What is needed
Would you repeat word for word the lines of the listing that follows, from the one with "Szukasz zadaszenia tarasowego, które" up to and including the one with "完成同步带张力调节后,我们建议你进行振动补偿校准。在触控屏主界面点击进入设置页 > 设备校准", and leave out the images?

Given records
********************
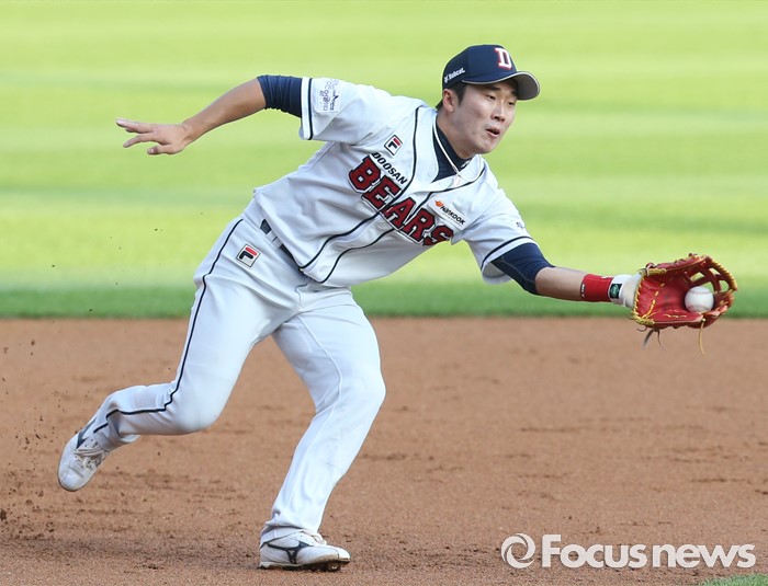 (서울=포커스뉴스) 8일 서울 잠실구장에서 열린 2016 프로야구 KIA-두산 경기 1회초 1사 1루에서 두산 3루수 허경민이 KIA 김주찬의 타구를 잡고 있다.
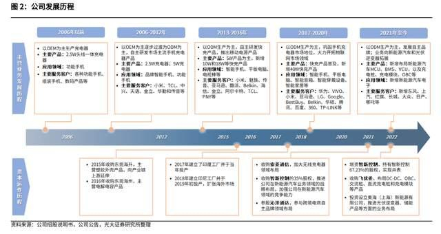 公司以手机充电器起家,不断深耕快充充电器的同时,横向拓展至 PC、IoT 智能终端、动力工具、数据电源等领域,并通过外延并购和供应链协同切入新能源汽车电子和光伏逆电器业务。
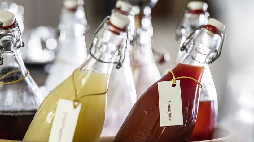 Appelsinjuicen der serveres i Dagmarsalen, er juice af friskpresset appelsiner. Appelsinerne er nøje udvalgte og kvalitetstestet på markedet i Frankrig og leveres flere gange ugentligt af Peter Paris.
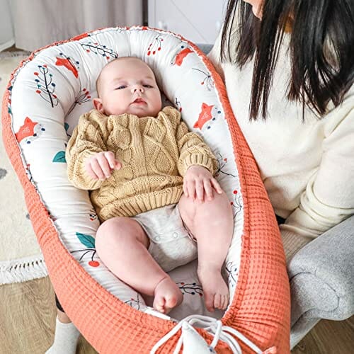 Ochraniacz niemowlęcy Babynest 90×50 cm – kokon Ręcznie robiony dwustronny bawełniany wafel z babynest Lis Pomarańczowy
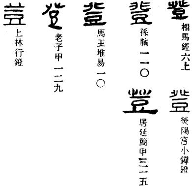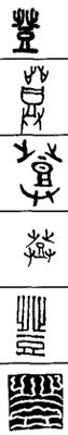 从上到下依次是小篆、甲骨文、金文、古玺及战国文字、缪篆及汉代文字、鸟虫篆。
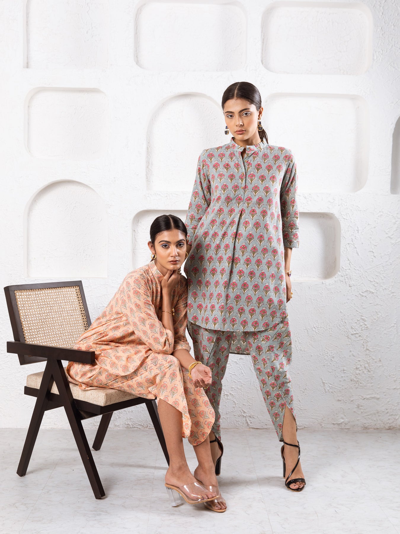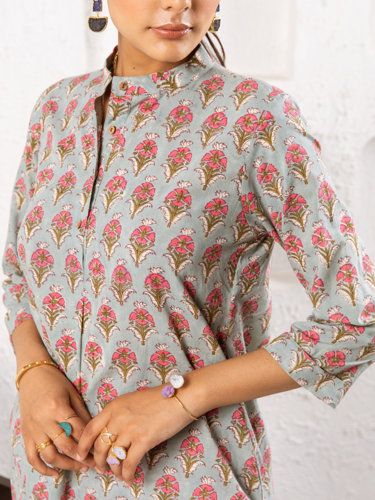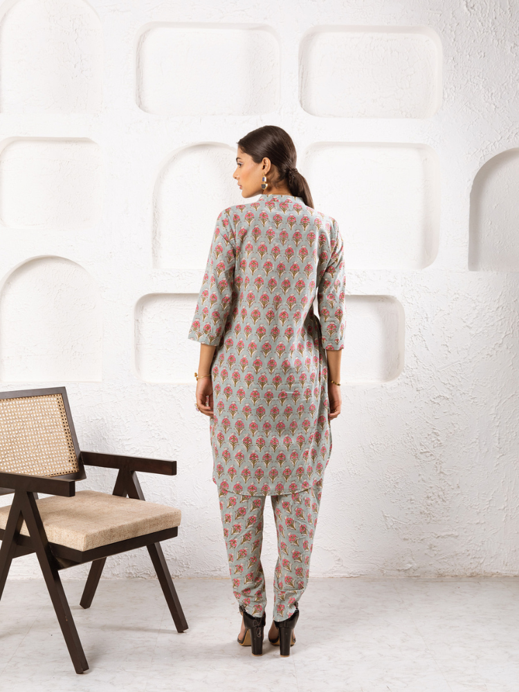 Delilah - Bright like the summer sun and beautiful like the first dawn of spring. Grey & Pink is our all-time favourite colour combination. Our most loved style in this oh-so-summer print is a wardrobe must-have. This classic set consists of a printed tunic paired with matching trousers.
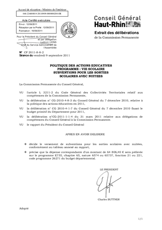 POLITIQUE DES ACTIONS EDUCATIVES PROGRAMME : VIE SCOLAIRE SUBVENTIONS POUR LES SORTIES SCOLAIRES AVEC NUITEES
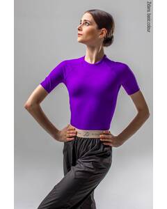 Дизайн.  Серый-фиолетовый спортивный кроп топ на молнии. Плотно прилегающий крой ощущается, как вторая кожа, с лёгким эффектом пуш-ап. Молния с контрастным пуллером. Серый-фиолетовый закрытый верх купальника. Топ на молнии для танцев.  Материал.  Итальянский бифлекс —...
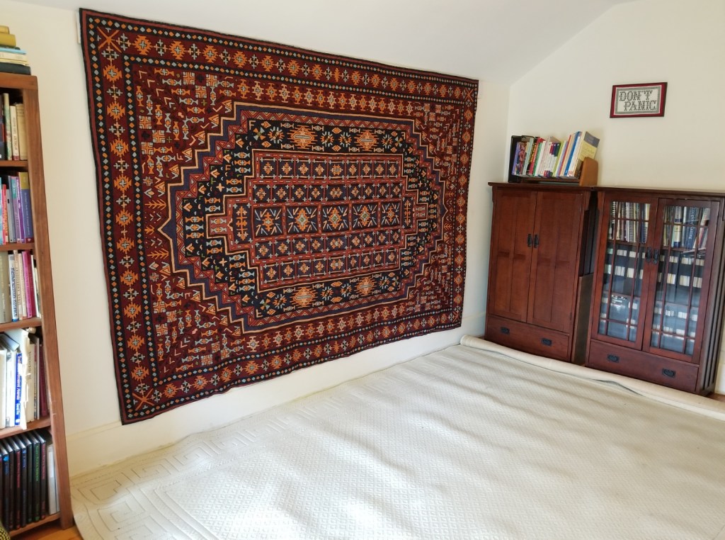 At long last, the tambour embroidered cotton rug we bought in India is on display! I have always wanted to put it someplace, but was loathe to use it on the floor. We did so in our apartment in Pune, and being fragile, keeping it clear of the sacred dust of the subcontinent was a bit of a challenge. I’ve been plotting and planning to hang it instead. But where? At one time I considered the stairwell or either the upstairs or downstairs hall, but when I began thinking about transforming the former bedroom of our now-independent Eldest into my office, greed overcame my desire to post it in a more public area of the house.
********************
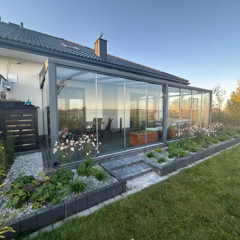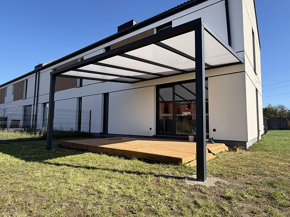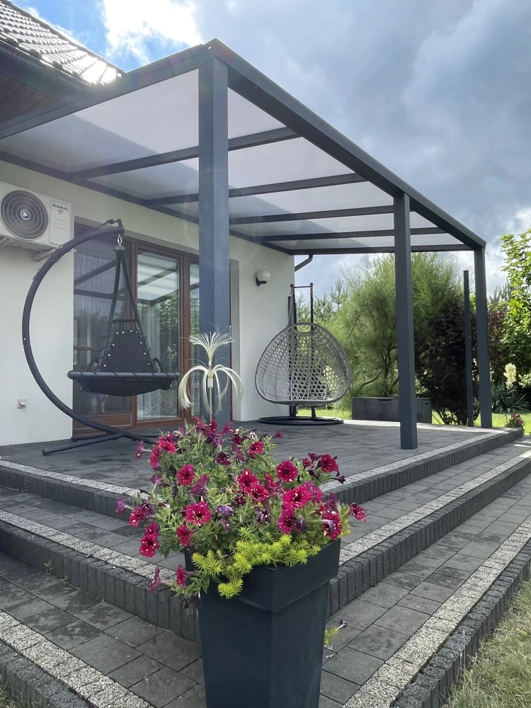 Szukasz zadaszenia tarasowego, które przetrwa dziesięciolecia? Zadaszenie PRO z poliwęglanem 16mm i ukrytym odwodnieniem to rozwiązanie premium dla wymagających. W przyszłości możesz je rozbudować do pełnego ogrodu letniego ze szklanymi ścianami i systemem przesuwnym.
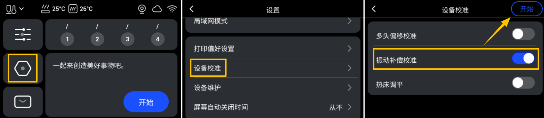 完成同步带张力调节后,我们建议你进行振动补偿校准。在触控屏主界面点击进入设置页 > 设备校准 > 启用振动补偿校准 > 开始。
********************
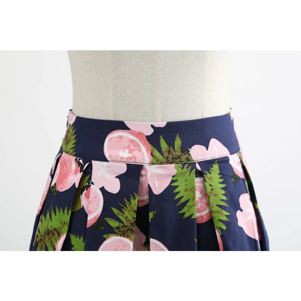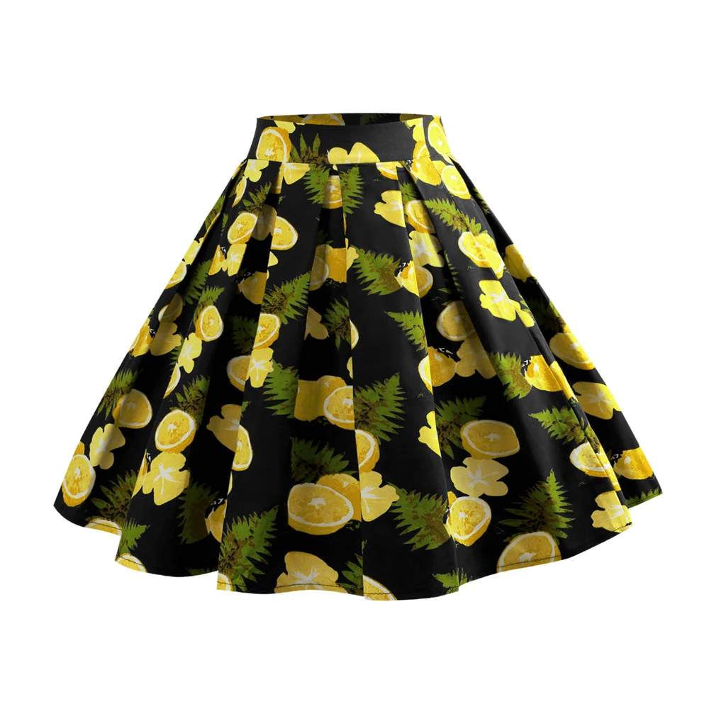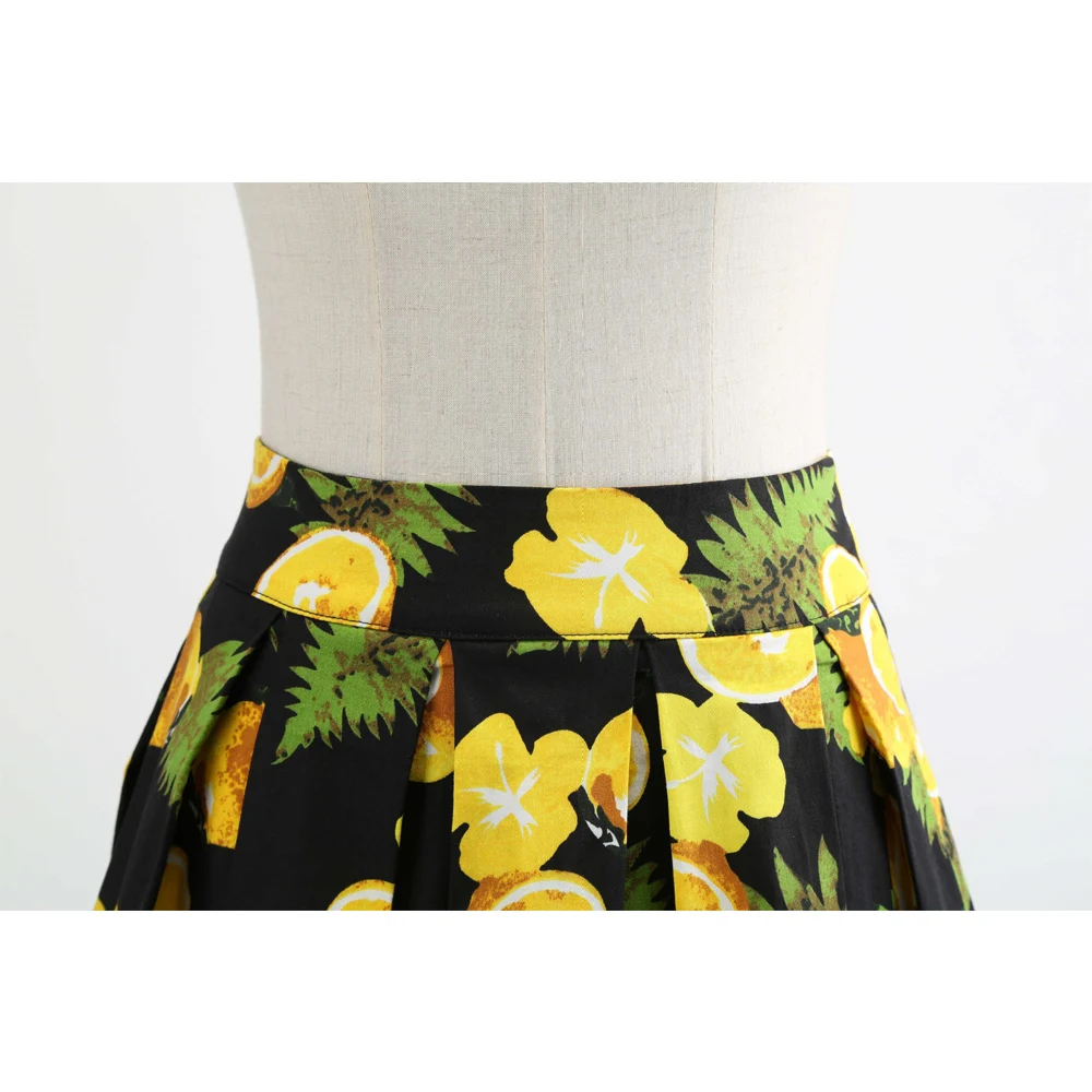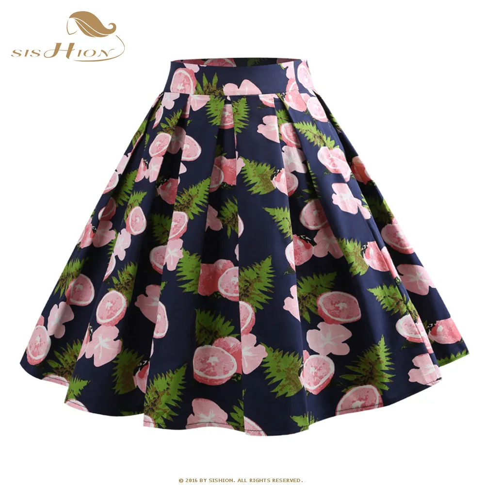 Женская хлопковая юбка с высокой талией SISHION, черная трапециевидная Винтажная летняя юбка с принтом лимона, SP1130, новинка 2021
********************
Exercise result
 Szukasz zadaszenia tarasowego, które przetrwa dziesięciolecia? Zadaszenie PRO z poliwęglanem 16mm i ukrytym odwodnieniem to rozwiązanie premium dla wymagających. W przyszłości możesz je rozbudować do pełnego ogrodu letniego ze szklanymi ścianami i systemem przesuwnym.
 完成同步带张力调节后,我们建议你进行振动补偿校准。在触控屏主界面点击进入设置页 > 设备校准 > 启用振动补偿校准 > 开始。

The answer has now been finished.